Saved data entries:
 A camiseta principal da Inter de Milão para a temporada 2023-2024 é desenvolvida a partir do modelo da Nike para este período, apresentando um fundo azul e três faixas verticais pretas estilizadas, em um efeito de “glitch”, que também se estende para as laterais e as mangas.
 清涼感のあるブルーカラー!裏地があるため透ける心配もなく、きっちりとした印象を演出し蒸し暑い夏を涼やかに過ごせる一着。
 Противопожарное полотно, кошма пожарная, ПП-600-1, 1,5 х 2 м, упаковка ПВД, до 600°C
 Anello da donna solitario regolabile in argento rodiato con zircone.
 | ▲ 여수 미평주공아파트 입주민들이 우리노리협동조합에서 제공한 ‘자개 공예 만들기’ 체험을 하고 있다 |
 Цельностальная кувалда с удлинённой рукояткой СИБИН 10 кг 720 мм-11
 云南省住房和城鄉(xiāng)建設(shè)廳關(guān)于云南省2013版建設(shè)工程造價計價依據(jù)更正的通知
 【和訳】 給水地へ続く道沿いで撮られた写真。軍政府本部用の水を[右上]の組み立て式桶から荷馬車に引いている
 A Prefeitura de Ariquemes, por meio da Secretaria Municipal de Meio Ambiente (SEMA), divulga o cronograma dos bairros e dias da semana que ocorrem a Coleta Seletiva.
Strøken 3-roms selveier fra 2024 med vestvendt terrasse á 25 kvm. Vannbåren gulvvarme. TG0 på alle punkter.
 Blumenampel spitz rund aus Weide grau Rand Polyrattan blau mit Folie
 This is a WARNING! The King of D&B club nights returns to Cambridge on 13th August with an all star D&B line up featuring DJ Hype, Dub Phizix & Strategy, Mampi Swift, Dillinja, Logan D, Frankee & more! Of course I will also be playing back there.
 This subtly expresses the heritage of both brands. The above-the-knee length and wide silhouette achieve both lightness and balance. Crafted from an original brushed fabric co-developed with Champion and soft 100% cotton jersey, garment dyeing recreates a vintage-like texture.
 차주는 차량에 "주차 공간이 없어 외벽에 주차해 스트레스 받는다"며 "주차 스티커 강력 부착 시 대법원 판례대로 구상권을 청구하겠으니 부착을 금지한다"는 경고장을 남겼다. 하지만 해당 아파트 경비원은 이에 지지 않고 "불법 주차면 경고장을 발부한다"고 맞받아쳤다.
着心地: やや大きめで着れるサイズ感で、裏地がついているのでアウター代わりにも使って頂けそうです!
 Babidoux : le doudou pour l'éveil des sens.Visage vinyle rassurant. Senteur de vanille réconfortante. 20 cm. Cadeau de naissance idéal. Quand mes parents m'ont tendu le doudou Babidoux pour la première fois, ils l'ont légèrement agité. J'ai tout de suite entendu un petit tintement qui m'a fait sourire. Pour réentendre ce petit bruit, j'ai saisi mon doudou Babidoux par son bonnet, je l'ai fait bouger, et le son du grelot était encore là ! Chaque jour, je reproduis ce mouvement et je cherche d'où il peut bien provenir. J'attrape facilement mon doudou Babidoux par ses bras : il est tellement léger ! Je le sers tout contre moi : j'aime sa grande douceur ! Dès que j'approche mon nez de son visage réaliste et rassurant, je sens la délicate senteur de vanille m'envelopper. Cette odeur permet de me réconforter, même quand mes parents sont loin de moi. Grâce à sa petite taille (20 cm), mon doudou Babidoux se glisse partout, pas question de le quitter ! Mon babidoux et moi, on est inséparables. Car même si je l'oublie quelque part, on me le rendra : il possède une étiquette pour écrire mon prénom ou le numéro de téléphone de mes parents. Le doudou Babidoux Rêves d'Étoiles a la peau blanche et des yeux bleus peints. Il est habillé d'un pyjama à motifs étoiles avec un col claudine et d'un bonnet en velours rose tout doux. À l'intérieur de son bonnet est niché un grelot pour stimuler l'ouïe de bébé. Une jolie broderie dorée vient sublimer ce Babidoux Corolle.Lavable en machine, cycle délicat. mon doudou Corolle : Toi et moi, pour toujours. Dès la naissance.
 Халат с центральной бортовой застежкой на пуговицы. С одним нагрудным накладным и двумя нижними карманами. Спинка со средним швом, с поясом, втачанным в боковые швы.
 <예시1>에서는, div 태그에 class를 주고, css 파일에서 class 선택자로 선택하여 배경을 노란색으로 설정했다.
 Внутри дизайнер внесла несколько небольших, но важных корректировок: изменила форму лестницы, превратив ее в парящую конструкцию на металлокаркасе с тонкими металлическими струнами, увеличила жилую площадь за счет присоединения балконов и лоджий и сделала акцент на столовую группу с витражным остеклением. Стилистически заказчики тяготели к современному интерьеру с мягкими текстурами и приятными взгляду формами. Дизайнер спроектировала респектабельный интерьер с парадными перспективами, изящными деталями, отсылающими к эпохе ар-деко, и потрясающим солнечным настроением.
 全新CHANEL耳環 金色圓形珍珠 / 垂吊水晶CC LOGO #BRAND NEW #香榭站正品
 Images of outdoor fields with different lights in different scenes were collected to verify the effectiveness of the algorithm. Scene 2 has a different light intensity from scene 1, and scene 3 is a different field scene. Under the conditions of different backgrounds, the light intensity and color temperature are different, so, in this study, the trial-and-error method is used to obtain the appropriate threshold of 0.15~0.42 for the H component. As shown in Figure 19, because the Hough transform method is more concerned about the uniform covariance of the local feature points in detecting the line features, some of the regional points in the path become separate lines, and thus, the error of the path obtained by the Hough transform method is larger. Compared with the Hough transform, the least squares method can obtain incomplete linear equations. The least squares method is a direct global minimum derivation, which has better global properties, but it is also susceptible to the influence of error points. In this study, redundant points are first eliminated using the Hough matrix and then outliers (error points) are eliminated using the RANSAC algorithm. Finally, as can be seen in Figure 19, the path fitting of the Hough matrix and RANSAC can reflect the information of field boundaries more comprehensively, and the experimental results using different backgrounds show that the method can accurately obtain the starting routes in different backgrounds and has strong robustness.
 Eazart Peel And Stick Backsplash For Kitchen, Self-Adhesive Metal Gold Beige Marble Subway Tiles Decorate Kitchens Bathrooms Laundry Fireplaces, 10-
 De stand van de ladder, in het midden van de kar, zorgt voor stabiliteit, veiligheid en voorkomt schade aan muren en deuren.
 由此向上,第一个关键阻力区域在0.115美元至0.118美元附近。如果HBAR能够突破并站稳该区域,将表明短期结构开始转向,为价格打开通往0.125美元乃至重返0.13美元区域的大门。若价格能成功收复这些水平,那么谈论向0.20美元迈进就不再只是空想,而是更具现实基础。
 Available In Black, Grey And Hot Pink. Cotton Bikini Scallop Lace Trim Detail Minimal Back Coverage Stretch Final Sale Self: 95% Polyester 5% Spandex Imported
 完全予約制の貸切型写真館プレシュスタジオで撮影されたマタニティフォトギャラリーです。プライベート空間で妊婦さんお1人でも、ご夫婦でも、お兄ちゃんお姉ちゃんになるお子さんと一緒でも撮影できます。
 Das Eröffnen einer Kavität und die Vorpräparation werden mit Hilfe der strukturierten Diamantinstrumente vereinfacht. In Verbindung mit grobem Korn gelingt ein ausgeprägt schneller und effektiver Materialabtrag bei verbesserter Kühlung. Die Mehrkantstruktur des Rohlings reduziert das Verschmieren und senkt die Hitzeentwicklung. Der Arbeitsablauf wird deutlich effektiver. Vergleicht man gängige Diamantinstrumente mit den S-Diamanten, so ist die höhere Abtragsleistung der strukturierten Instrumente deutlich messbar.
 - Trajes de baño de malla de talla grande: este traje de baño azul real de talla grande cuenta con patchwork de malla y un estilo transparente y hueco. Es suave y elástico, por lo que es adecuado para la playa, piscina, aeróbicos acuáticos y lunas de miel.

**Requirement:** Among the lines in the data above, find those containing "Self" and give only how many there are.

**Solution to this problem:** 2